Shafer, Glenn
Propagation of Belief Functions: A Distributed Approach
Shenoy, Prakash P., Shafer, Glenn, Mellouli, Khaled
In this paper, we describe a scheme for propagating belief functions in certain kinds of trees using only local computations. This scheme generalizes the computational scheme proposed by Shafer and Logan1 for diagnostic trees of the type studied by Gordon and Shortliffe, and the slightly more general scheme given by Shafer for hierarchical evidence. It also generalizes the scheme proposed by Pearl for Bayesian causal trees (see Shenoy and Shafer). Pearl's causal trees and Gordon and Shortliffe's diagnostic trees are both ways of breaking the evidence that bears on a large problem down into smaller items of evidence that bear on smaller parts of the problem so that these smaller problems can be dealt with one at a time. This localization of effort is often essential in order to make the process of probability judgment feasible, both for the person who is making probability judgments and for the machine that is combining them.
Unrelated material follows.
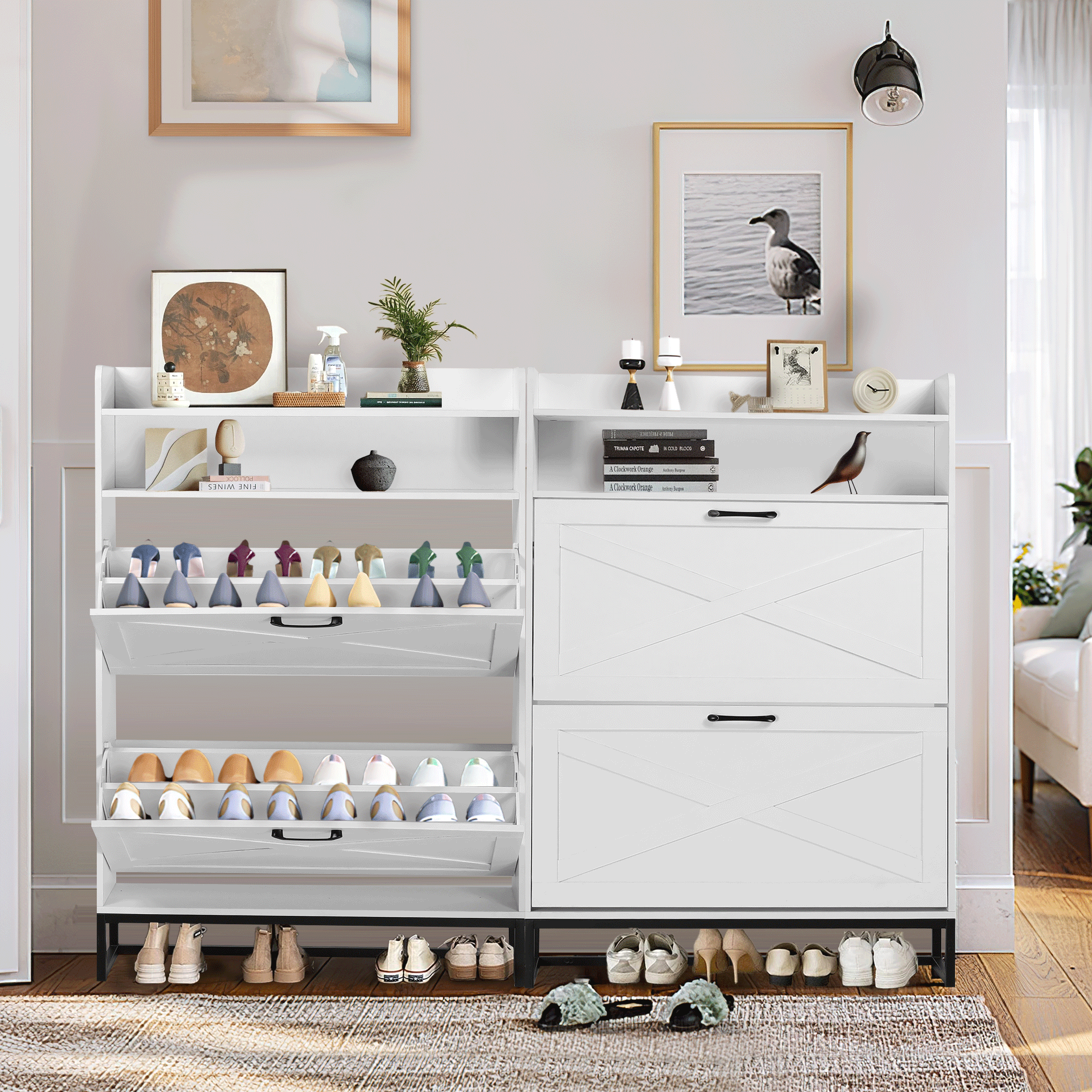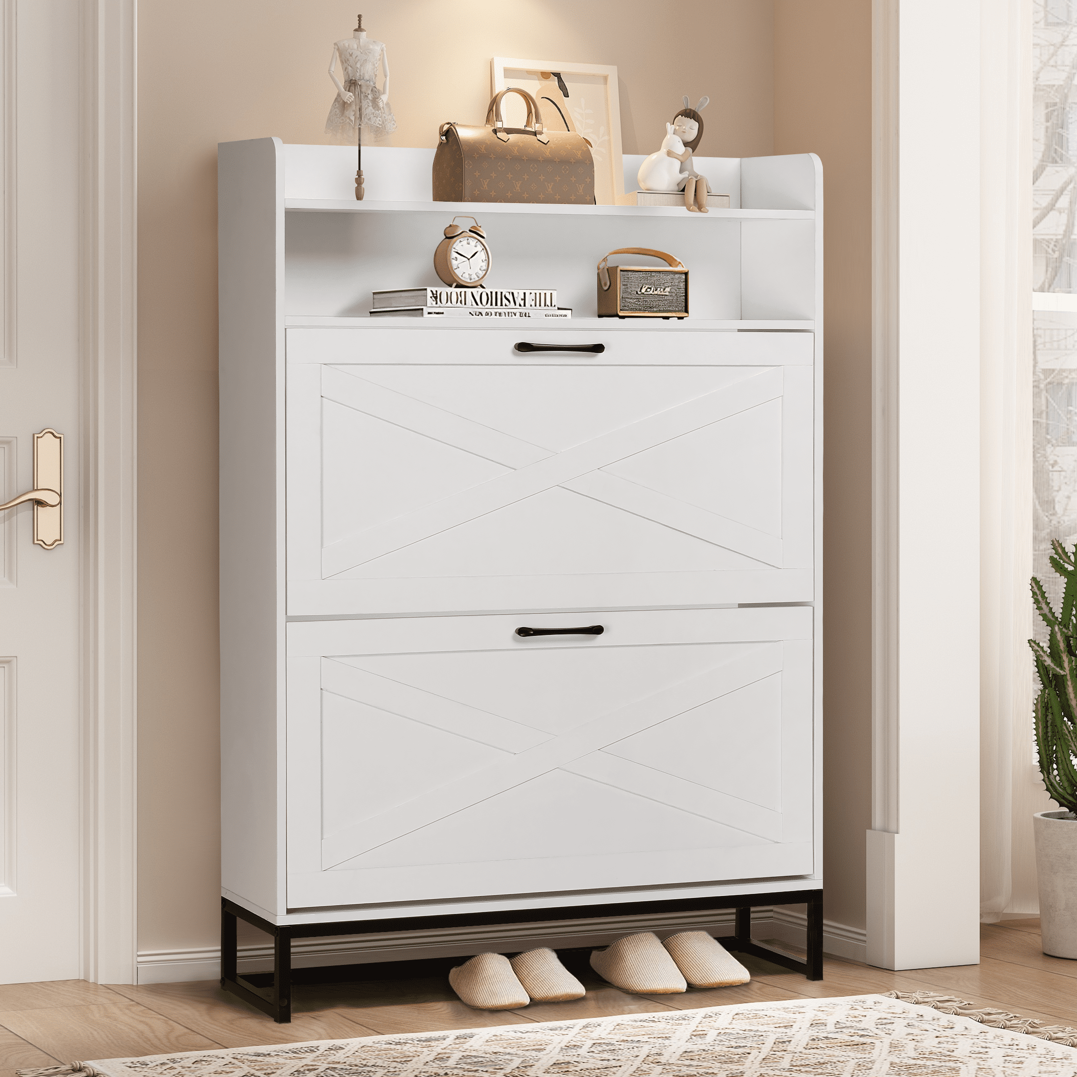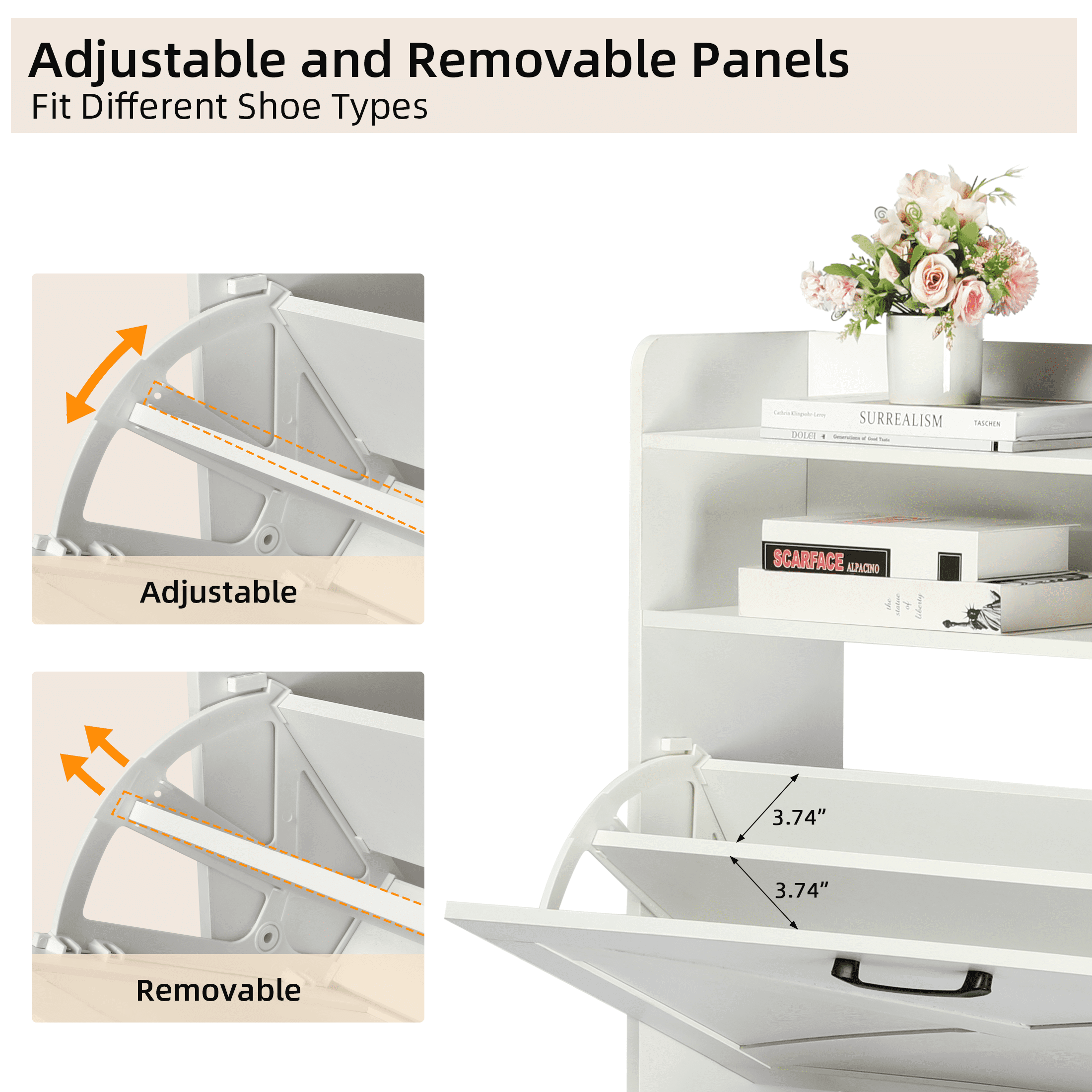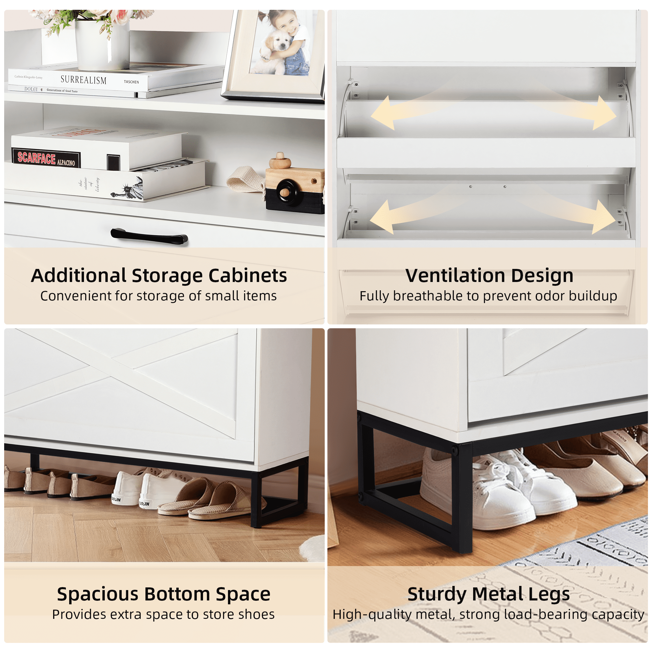 RichYa Shoe Cabinet with 2 Flip Drawers, 20 Pairs, Shoe Cabinet Storage for Entryway, White

The basic structure for our scheme is a type of tree that generalizes both Pearl's and Gordon and Shortliffe's trees. Trees of this general type permit localized computation in Pearl's sense. They are based on qualitative judgments of conditional independence. We believe that the scheme we describe here will prove useful in expert systems. It is now clear that the successful propagation of probabilities or certainty factors in expert systems requires much more structure than can be provided in a pure production-system framework. Bayesian schemes, on the other hand, often make unrealistic demands for structure. The propagation of belief functions in trees and more general networks stands on a middle ground where some sensible and useful things can be done. We would like to emphasize that the basic idea of local computation for propagating probabilities is due to Judea Pearl. It is a very innovative idea; we do not believe that it can be found in the Bayesian literature prior to Pearl's work. We see our contribution as extending the usefulness of Pearl's idea by generalizing it from Bayesian probabilities to belief functions. In the next section, we give a brief introduction to belief functions. The notions of qualitative independence for partitions and a qualitative Markov tree are introduced in Section III. Finally, in Section IV, we describe a scheme for propagating belief functions in qualitative Markov trees.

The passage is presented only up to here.